A laminate was obtained in the same manner as in Example 3 except that the polyester resin (b-3) (Example 6) and the polyester resin (b-4) (Example 7) were used as the polyester compound (b). Ester film. The characteristics and the like of the obtained laminated polyester film are shown in Table 2-1. Compared with Example 3, since a polyester resin having a large content of an aromatic dicarboxylic acid component containing a sulfonic acid metal salt group is used, the initial haze is slightly lowered, the dispersion index is small, and an initial excellent initiality is exhibited. Adhesion, moisture and heat adhesion, boiling resistance, UV adhesion, boiling resistance, visibility.

(Example 8)

A laminated polyester film was obtained in the same manner as in Example 3 except that the polyester resin (b-5) was used as the polyester compound (b). The characteristics and the like of the obtained laminated polyester film are shown in Table 2-1. Compared with the third embodiment, the polyester resin having a large content of the aromatic dicarboxylic acid component containing a sulfonic acid metal salt group has a slightly higher initial haze and a higher dispersion index, transparency, and transparency. Visibility, initial adhesion, boiling adhesion resistance, UV adhesion resistance, and boiling resistance become slightly poor, but also good.

(Example 9)

A laminated polyester film was obtained in the same manner as in Example 3 except that the polyester resin (b-6) was used as the polyester compound (b). The characteristics and the like of the obtained laminated polyester film are shown in Table 2-1. Compared with Example 3, since a polyester resin which does not contain an aromatic dicarboxylic acid component containing a sulfonic acid metal salt group is used, although the initial haze is slightly higher, the dispersion index becomes larger, transparency, and visibility are obtained. Sex, initial adhesion, boiling resistance, UV adhesion resistance, and boiling resistance become slightly poor, but also good.

(Examples 10 to 11)

A laminate was obtained in the same manner as in Example 3 except that the polyester resin (b-7) (Example 10) and the polyester resin (b-8) (Example 11) were used as the polyester compound (b). Ester film.
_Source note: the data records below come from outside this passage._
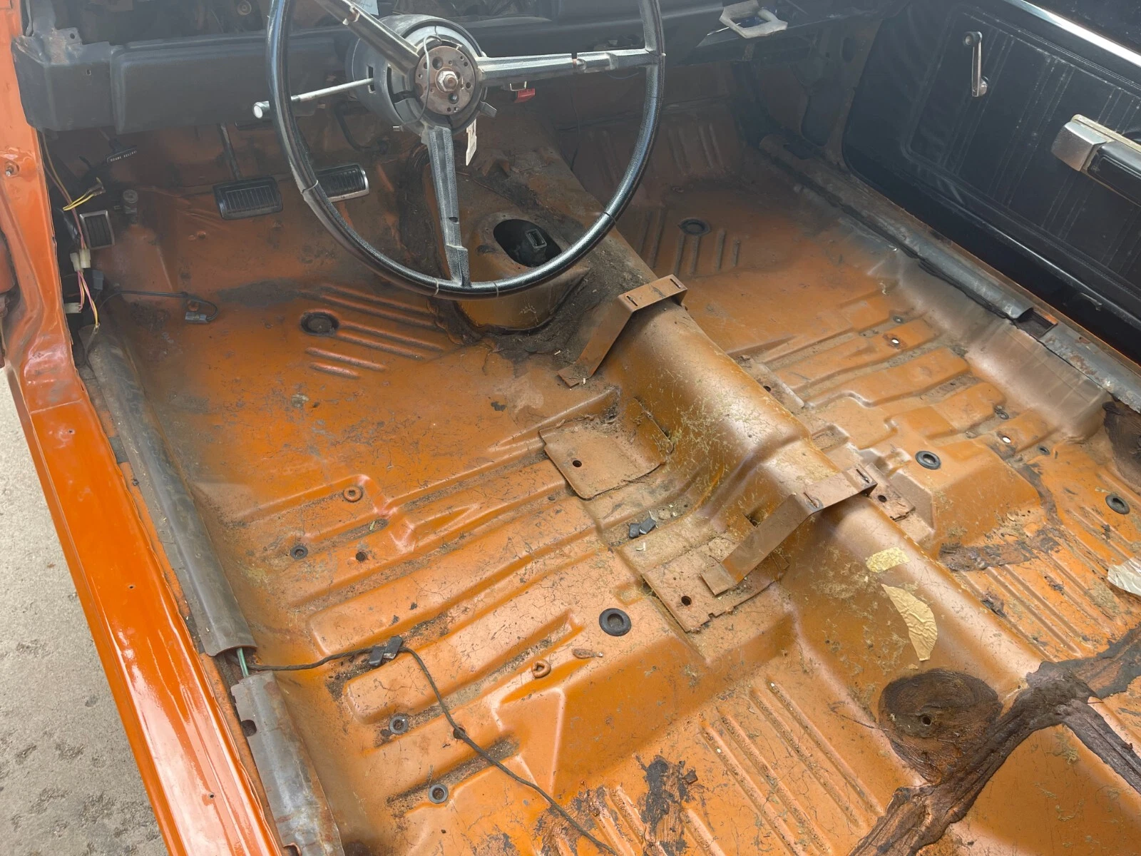 Mopar floors and trunk bottom to die for……kinda odd the motor and trans are matching – to another car…..up pushing 40g’s…..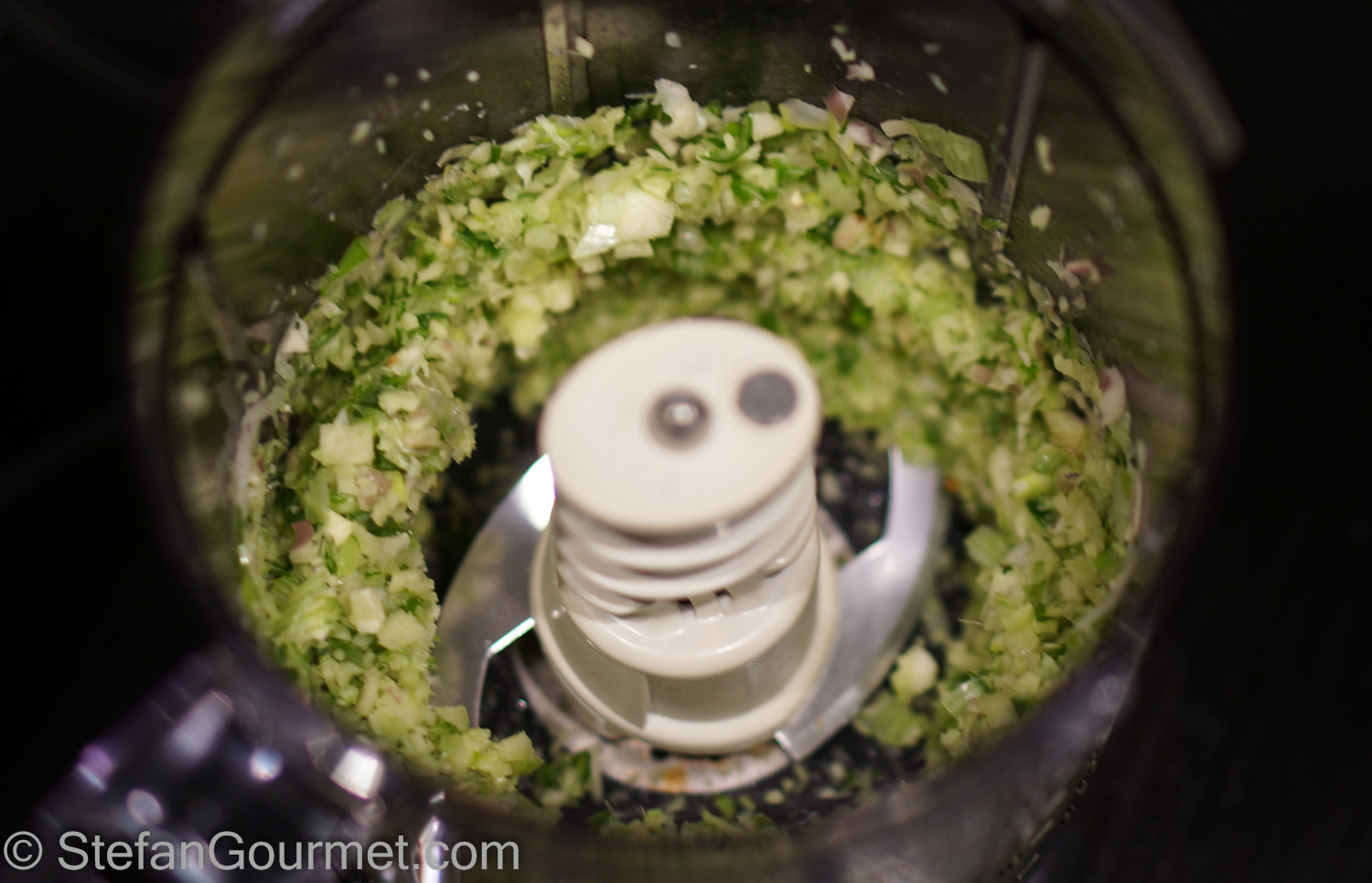 Mince the galangal, lemon grass, ginger, scallions, and bird chilli very fine in a blender.
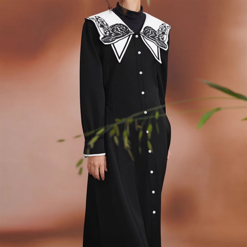 【Camoooni】小鹿刺繍ビックカラーワンピース 10971
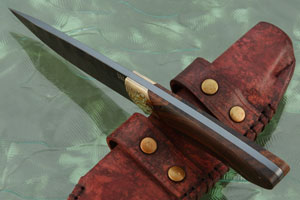 Deeply etched mokume gane bolsters combine brass and copper into a damascene that nicely complements the warm tones of the ironwood scales. They are dovetailed to the handle scales for a perfect fit. By using torx screws, Hennie ensures the knife can be taken apart if future repairs are ever needed.

The characteristics and the like of the obtained laminated polyester film are shown in Table 2-1. Compared with Example 3, even when a polyester resin having a different bisphenol S skeleton was used, the same excellent initial adhesion, wet heat resistance, UV adhesion resistance, boiling resistance, and resistance were exhibited. Boiling transparency and visibility.

(Embodiment 12)

A laminate polyester film was obtained in the same manner as in Example 3 except that the solid component weight ratio of the isocyanate compound (c) was changed to the values described in the table. The characteristics and the like of the obtained laminated polyester film are shown in Table 2-1. Compared with Example 3, since the content of the isocyanate compound (c) is reduced, the initial adhesion, the wet heat resistance, the boiling resistance, the UV adhesion resistance, and the boiling resistance are slightly lowered, but the transparency is equivalent. Sex, visibility.

(Examples 13 to 14)

A laminate polyester film was obtained in the same manner as in Example 1 except that the solid content weight ratio of the isocyanate compound (c) was changed to the values described in the table. The characteristics and the like of the obtained laminated polyester film are shown in Table 2-1. Compared with Example 3, by increasing the content of the isocyanate compound (c), it exhibits the same transparency, excellent initial adhesion, wet heat resistance, boiling resistance, UV adhesion resistance, boiling resistance and transparency. Visibility.

(Examples 15 to 16)

A laminate polyester film was obtained in the same manner as in Example 1 except that the solid component weight ratio of the carbodiimide compound (d) was changed to the values described in the table. The characteristics and the like of the obtained laminated polyester film are shown in Table 2-1. Compared with Example 3, since the content of the carbodiimide compound (d) is reduced, the initial adhesion, the wet heat resistance, the boiling resistance, the UV adhesion resistance, and the boiling resistance are slightly lowered, but Good, showing the same transparency and visibility.

(Example 17)

A laminate polyester film was obtained in the same manner as in Example 3 except that the solid component weight ratio of the carbodiimide compound (d) was changed to the values shown in Table 1-1. The properties and the like of the obtained laminated polyester film are shown in the table.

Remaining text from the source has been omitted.